Starting with the coupe variant, of which just 20 examples were created, the CLK GTR formed an era of motorsport monarchy, ruling alongside the McLaren F1 and Porsche 911 GT1 as the “GT1 Trinity”. Despite its $1,500,000 price tag at launch, over 300 buyers were desperate to get their hands on one, with this example - the 7th built - being completed at HWA AG on 27 April 1999 before heading to its lucky new owner in Switzerland. Specifying the colour combination of such an incredible machine must have been something of a challenge, but the original owner knocked it out of the park with this Coupé variant, opting for Mercedes-Benz’s iconic Iridium Silver Metallic (775), while the competition-inspired cockpit is trimmed in blue-gray tartan gabardine fabric, an obvious nod to the 1955 Mille Miglia-winning 300 SLR racecar piloted by Sir Stirling Moss and his navigator Denis Jenkinson. Incredibly, only two other GTR Coupes are known to feature this must-have upholstery pattern.

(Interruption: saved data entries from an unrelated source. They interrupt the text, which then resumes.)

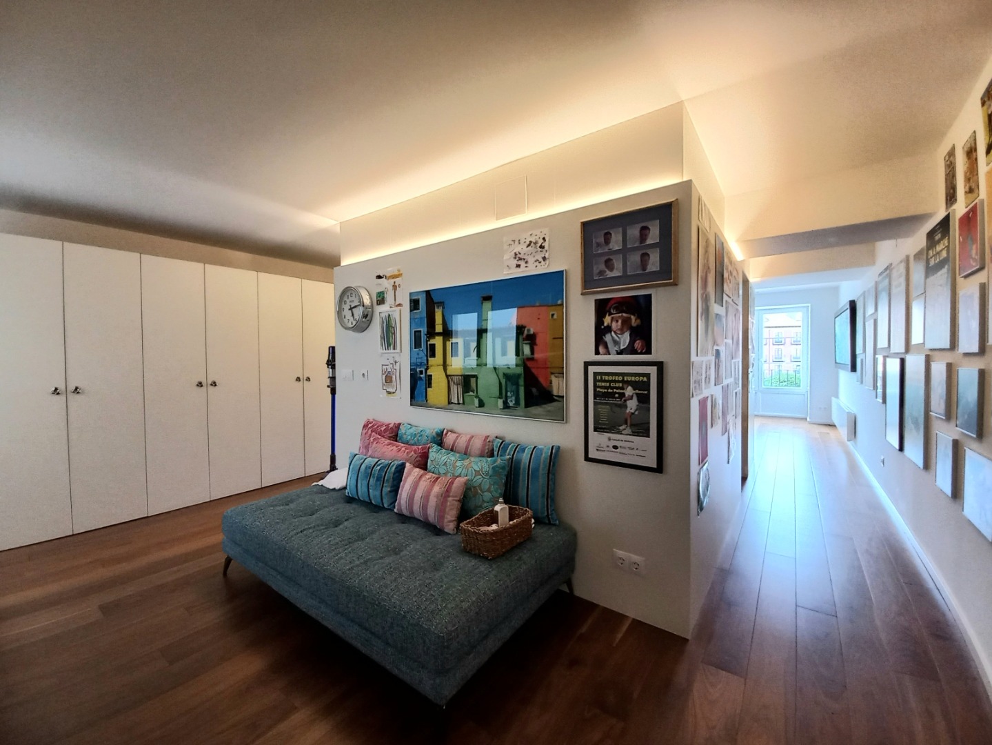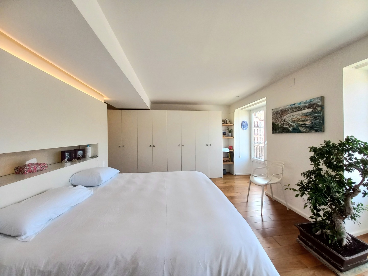Ya en su zona de descanso está su dormitorio principal, flanqueado por dos grandes balcones y con un magnífico armario empotrado vestidor.
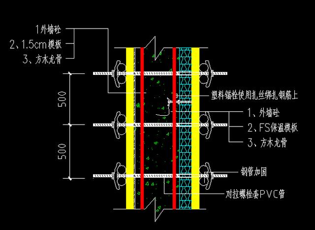 2、工藝原理:將成品保溫板作為主體施工砼外墻模板,通過特制鉚釘埋件,利用砼自身特性,澆筑砼后,將外墻保溫板與主體砼連接成整體,將外墻裝修階段保溫施工提前至主體施工階段施工。
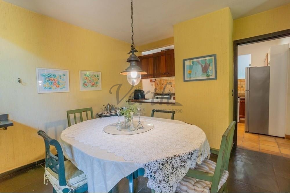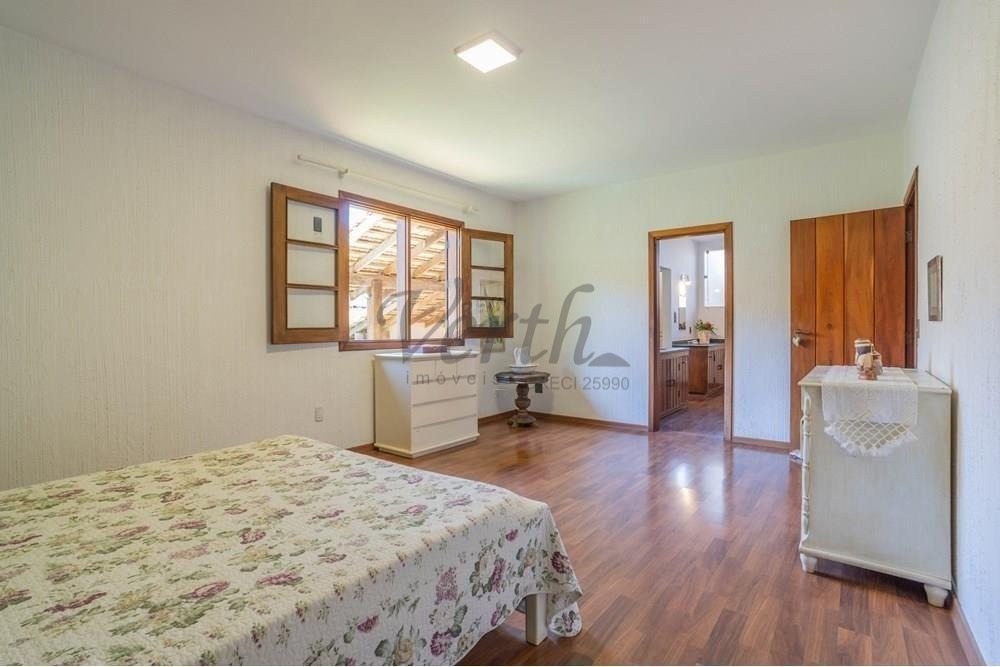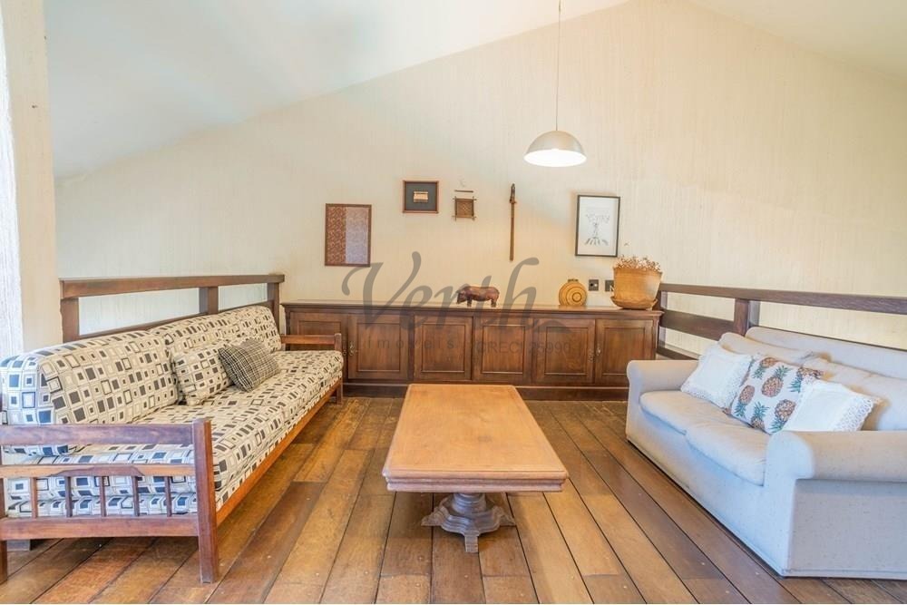 No piso superior, há 01 mezanino com sala de TV e sacada. A área íntima é composta por 05 quartos, sendo 03 suítes, e 02 quartos adicionais. Estes 02 quartos contam com 01 varanda, além de 01 banheiro social no piso e 01 roupeiro no corredor. A construção utiliza tijolos maciços e pedra bolão, com portas e janelas em madeira maciça.
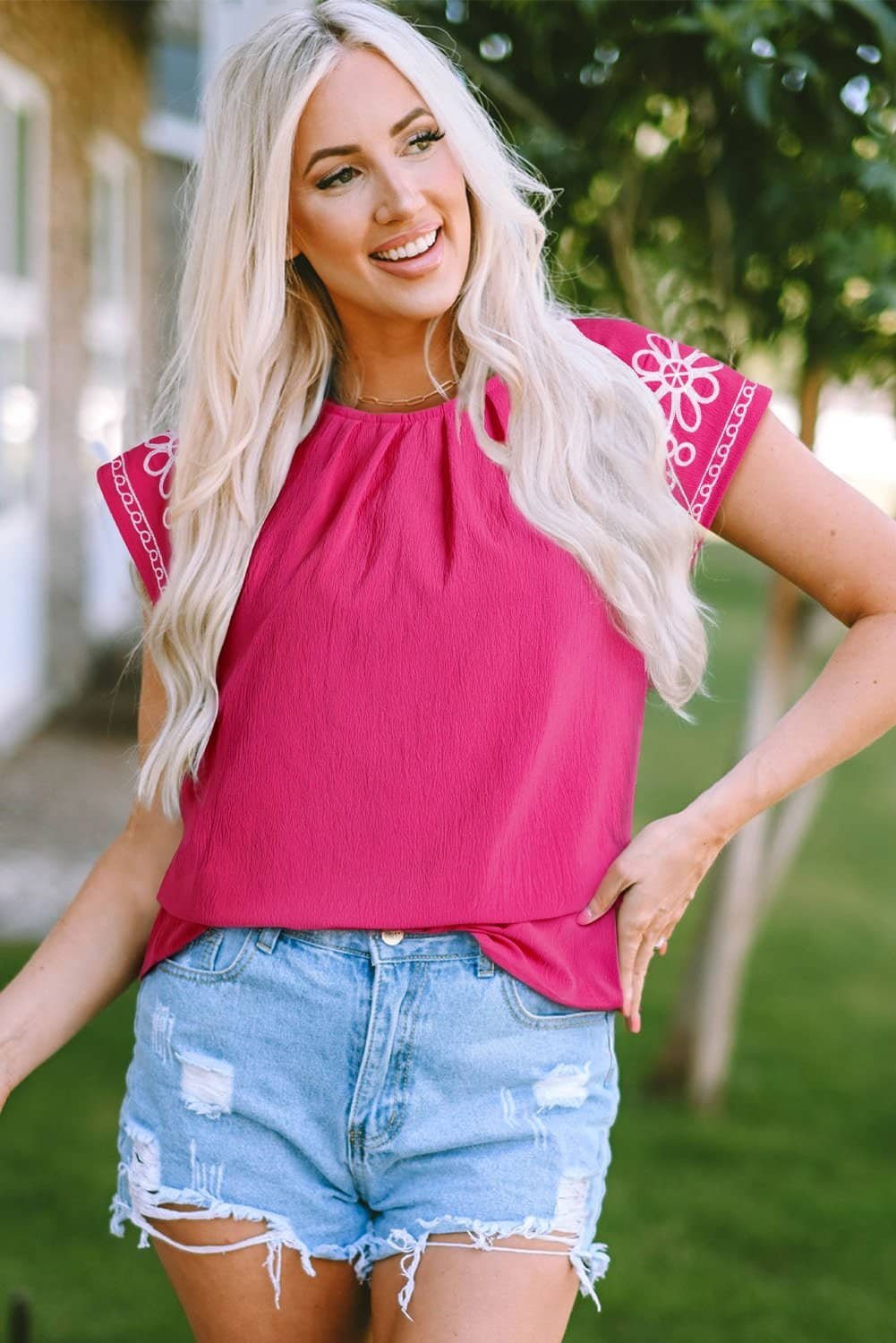 Sachet Pink Floral Embroidered Flutter Sleeve Pleated Neck Blouse
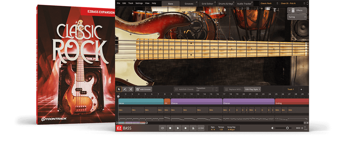Classic Rock EBX is an extension to EZbass that features carefully recorded 1960s bass.
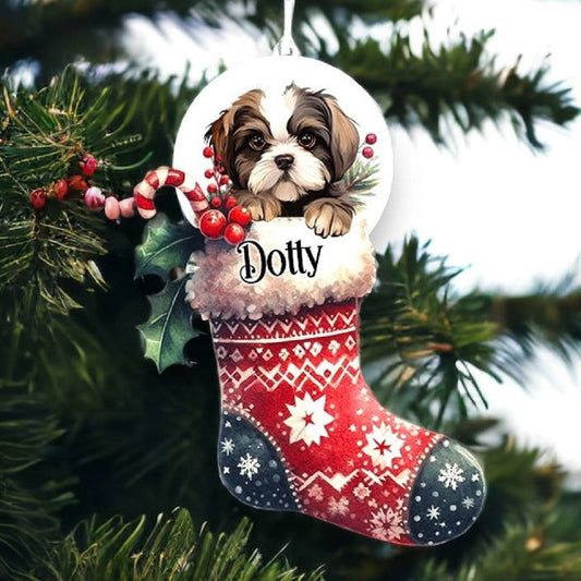 Personalised Shih Tzu Pet Dog Christmas Stocking Bauble
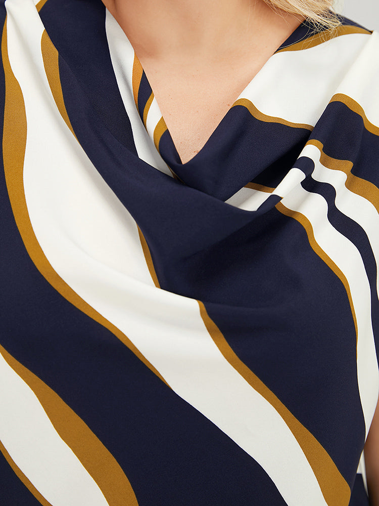 Geometric Contrast Cowl Neck Ruffle Sleeve Blouse
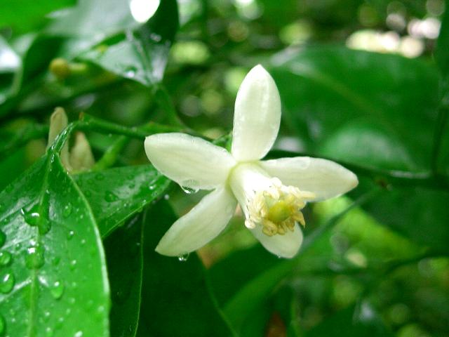枝先の葉の脇に香りの良い白い5弁花をつける。
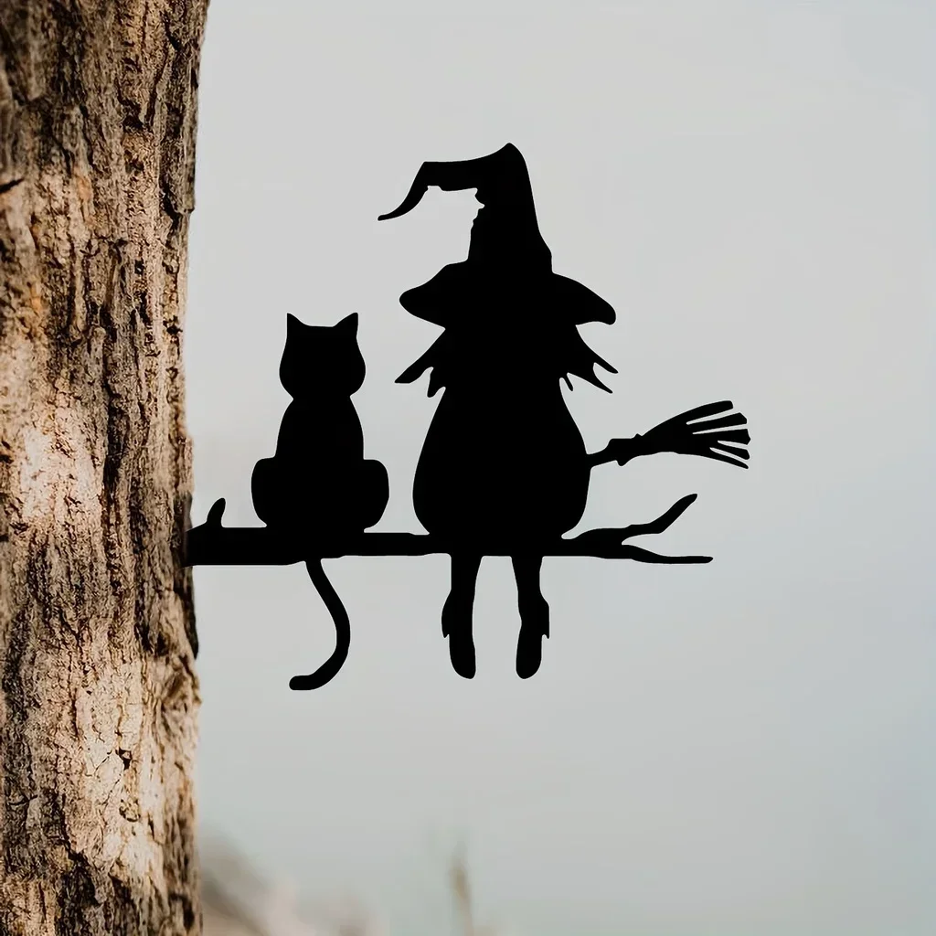 1pc Iron Silhouette Cute Witch And Cat Garden Stake On The Branch Yard Art Decor, Tree Stump Plug-in, For Garden Lawn Courtyard
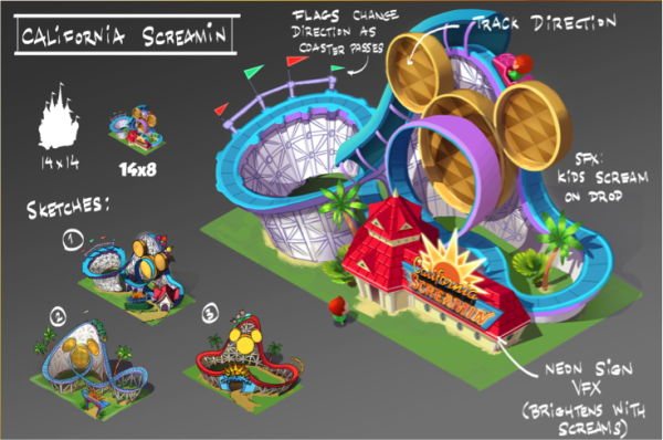 Disney Magic Kingdoms will allow players to build the theme park of their dreams by recreating and placing iconic attractions in a fun animated landscape. With influence from the Disneyland Resort in California, Walt Disney World Resort in Florida, Disneyland Paris and more, the game reimagines Disney Parks for mobile, letting fans experience an authentic and magical experience anytime, anywhere. Gameloft and Disney Interactive worked with Walt Disney Imagineering to bring Disney attractions such as Space Mountain, "it's a small world", California Screamin' and many more to life in the game.
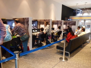 Result of the draw is displayed on the board. at Event Zone (Event Hiroba) 15 minutes before the each starting time. If you win, show your numbered stub at the information desk at the Event Zone (Event Hiroba), and you can purchase the tickets. (You can not chose the simulator usage time) Then, wait in line at each simulator room.
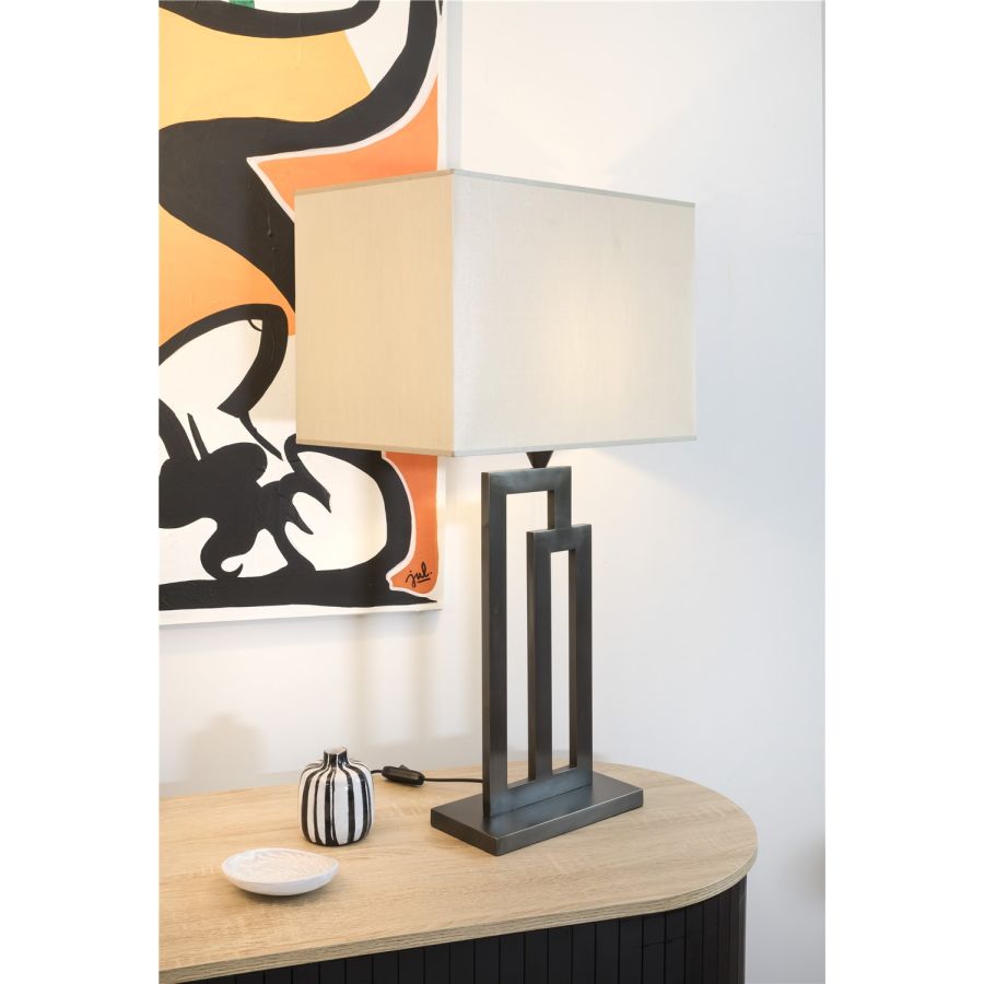 Lamp made in brass. Made with two large rectangular frames, on a square base. This contemporary art deco lamp gives a original design to your interior. Available in black and matt gold patina. Also exists in smaller size (L210A). Presented lamp shade in white cotton chintz in a rectangular shape (see other available colours).

If you’d prefer to hear all of the CLK GTR’s race-ready, 623 horsepower, 6.9-litre, naturally-aspirated V12 sing just that little bit louder, you’re in luck, as RM Sotheby’s Las Vegas sale has not one, but two CLK GTRs going under the hammer, the second somehow being rarer than the first.
This topless variant, of which just six examples were ever produced, is the third in that production run, and is also finished in a striking shade of silver. Unlike its Coupé sibling which carries some mileage, albeit a mere 7,015 kilometers, the Roadster has barely seen the light of day in its 21 years of existence, showing just 170 kilometres on the 340-kph stamped odometer. Despite looking very similar to the Coupé, the Roadster undertook some key design changes, as the roof also housed a massive single air intake. The engine intakes were instead repositioned to the sides, with other changes that included new door-mounted mirrors, integrated roll-hoops behind the seats, and a new front grille and rear wing.
The result is arguably the greatest drop-top that has ever existed. It's a car that comes so close to its race-dominating track only variant, and yet it's one that can be enjoyed out on the public roads. Out of the GT1 Trinity, of which all three cars are legends in their own right, the CLK GTR has always been the most exclusive and untamed. It obliterated its rivals out on the circuits, while showcasing a relentless pursuit of perfection and driving enjoyment on the open road. This car is more than just a homologation special, it is a product of exactly what Mercedes-Benz has always strived for: The Best or Nothing.
Both of these incredible CLK GTRs will be heading to RM Sotheby’s star-studded auction in Las Vegas on November 17th, with the Coupè variant estimated to bring in €7,500,000 to €8,500,000 euros, and the rarer Roadster example estimated at €10,000,000 to €12,000,000 euros.